§ How to complete this task
Beginning with the line containing "mørkeblå t-shirt fra name it med" and ending at the last line of the data, set down every line exactly, leaving out all pictures.

§ Available data

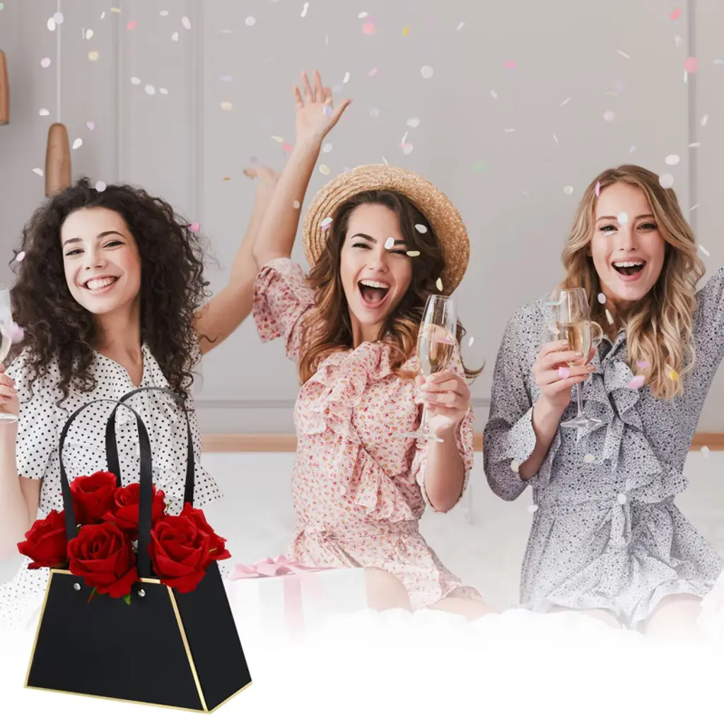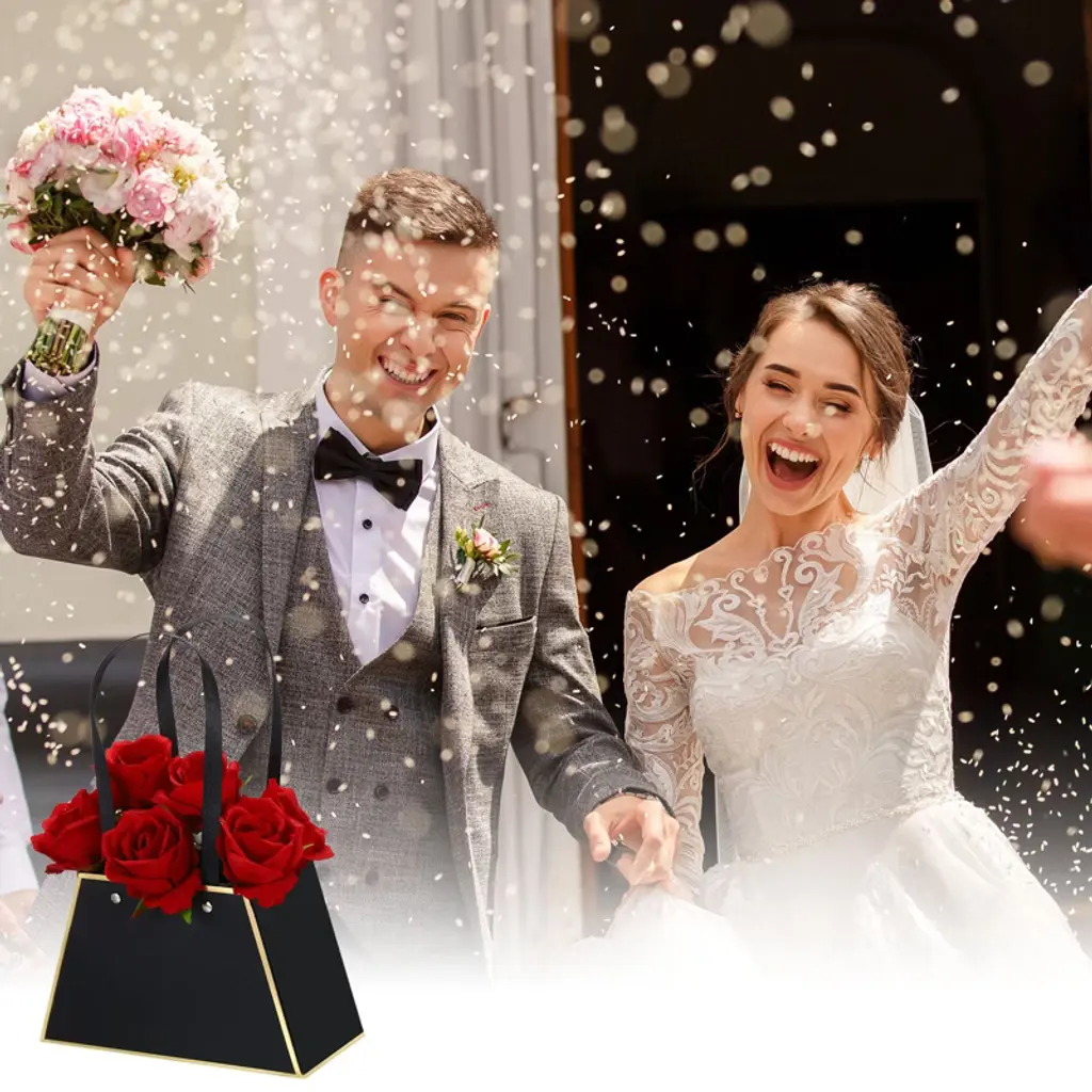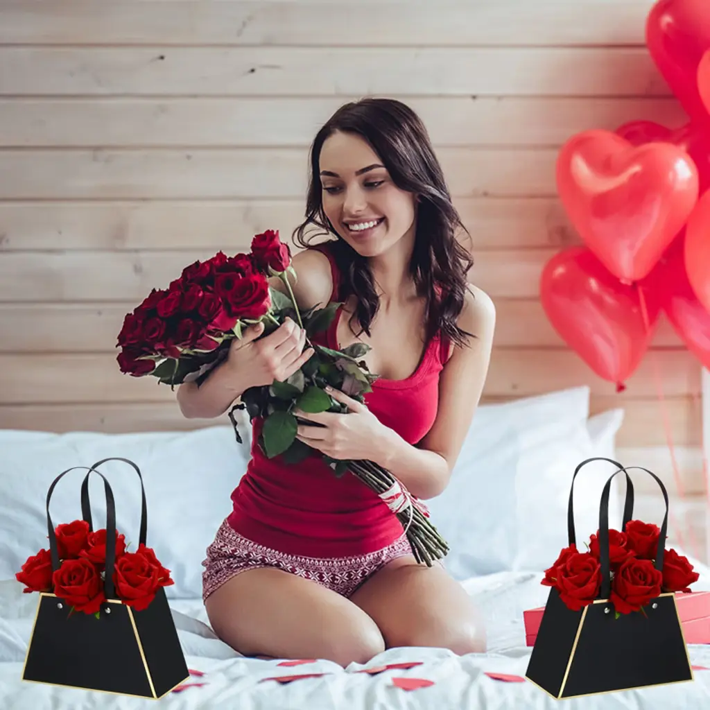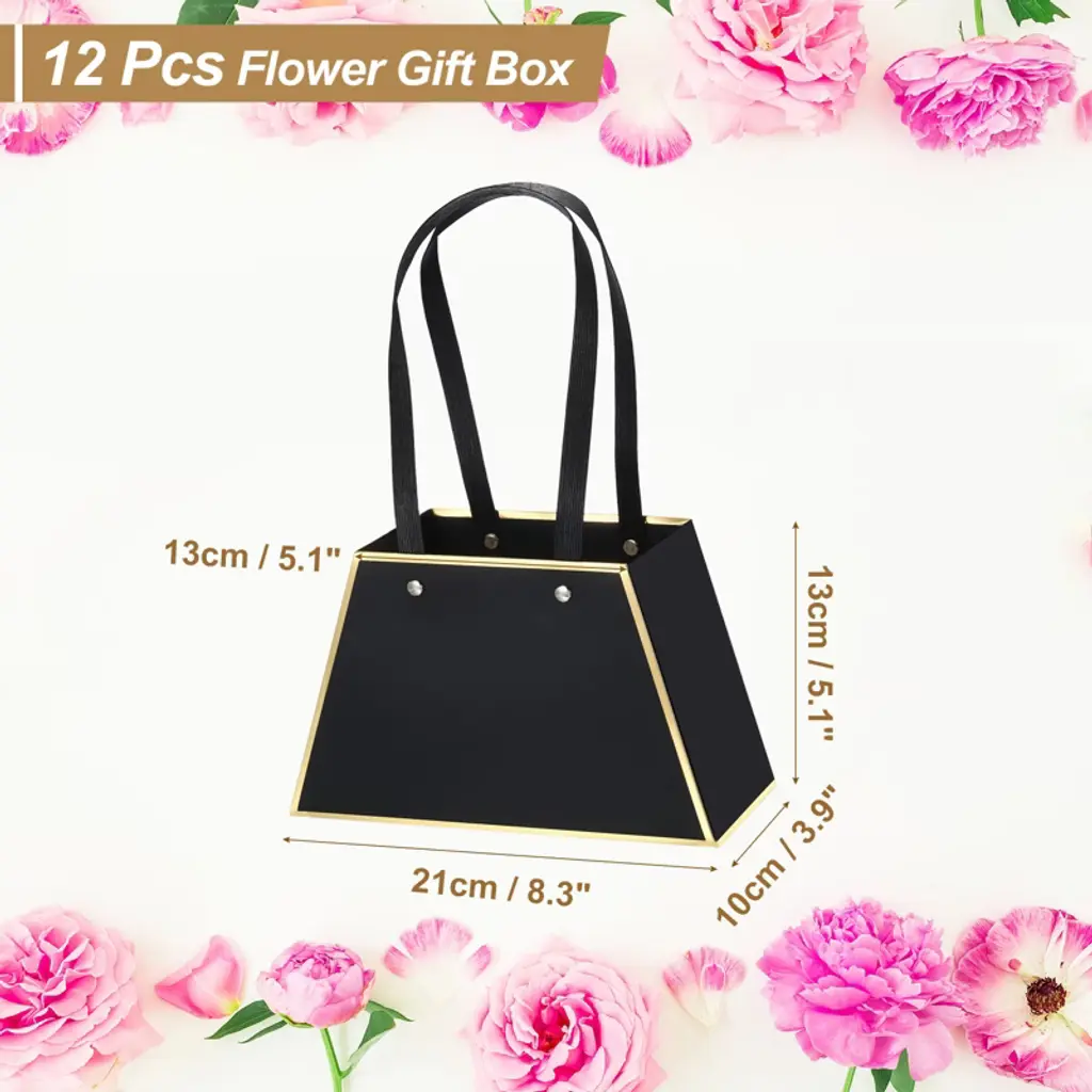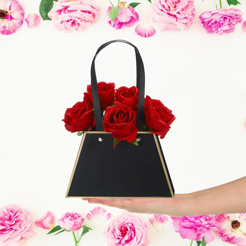 Made of thick, sturdy cardboard, this flower gift bag is unbreakable. Designed in the shape of a handbag, this modern and stylish design looks elegant and allows flowers to be easily and flexibly unfolded, showcasing their beauty. The double handles make carrying easy. The flower gift box is specially designed for flower packaging and can be used to store a variety of flowers for a more beautiful look. It's widely used for weddings, Valentine's Day, birthdays, anniversaries, Thanksgiving, Christmas, graduations, and other occasions.
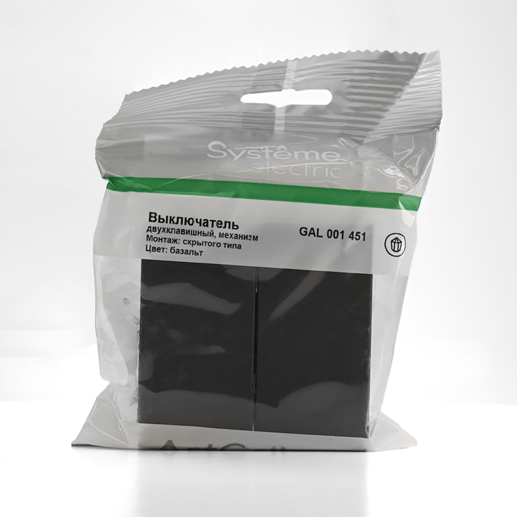 Механизм выключателя 2-клавиш ного Systeme Electric серии ArtGallery в цвете базальт подходит для сетей 250 В, на ток 10 А.
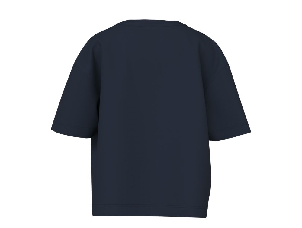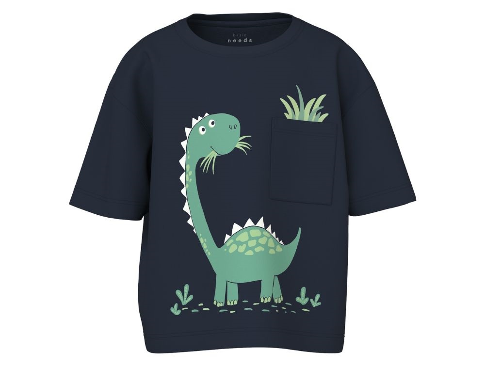 mørkeblå t-shirt fra name it med stor dino og lommeprint foranbagside af mørkeblå t-shirt fra name it uden print
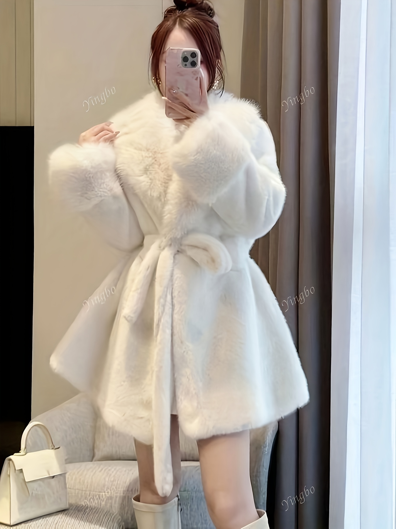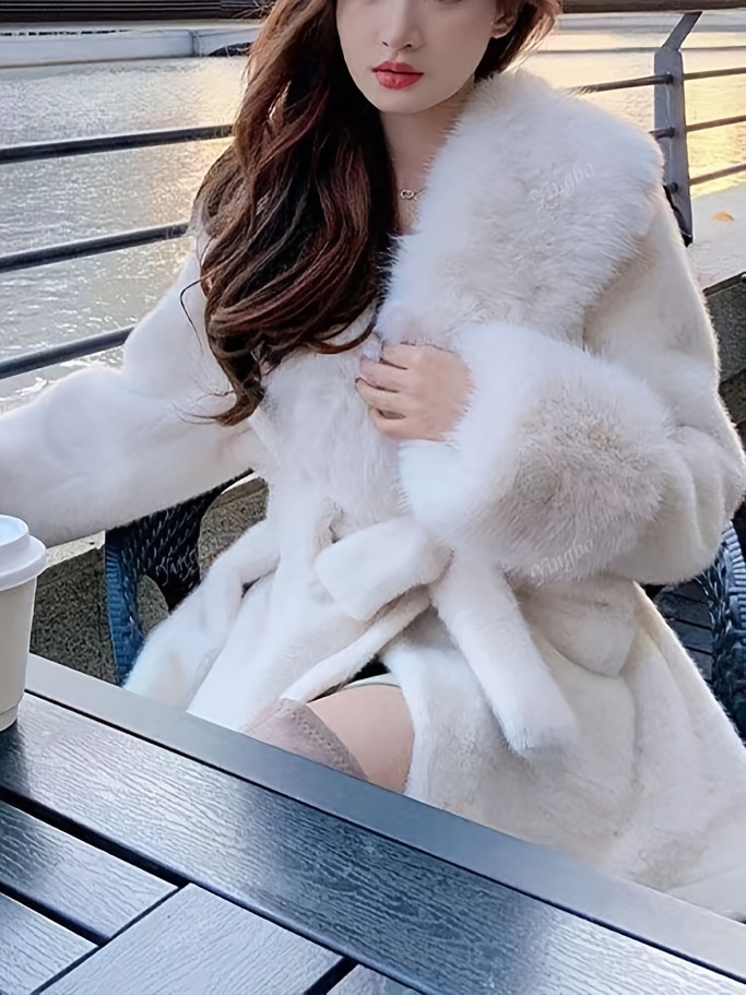 Abrigo largo de peluche con mangas completas, ideal para otoño e invierno. Su diseño elegante y su textura suave lo convierten en una prenda imprescindible para el frío.

§ Result of this task
 mørkeblå t-shirt fra name it med stor dino og lommeprint foranbagside af mørkeblå t-shirt fra name it uden print
 Abrigo largo de peluche con mangas completas, ideal para otoño e invierno. Su diseño elegante y su textura suave lo convierten en una prenda imprescindible para el frío.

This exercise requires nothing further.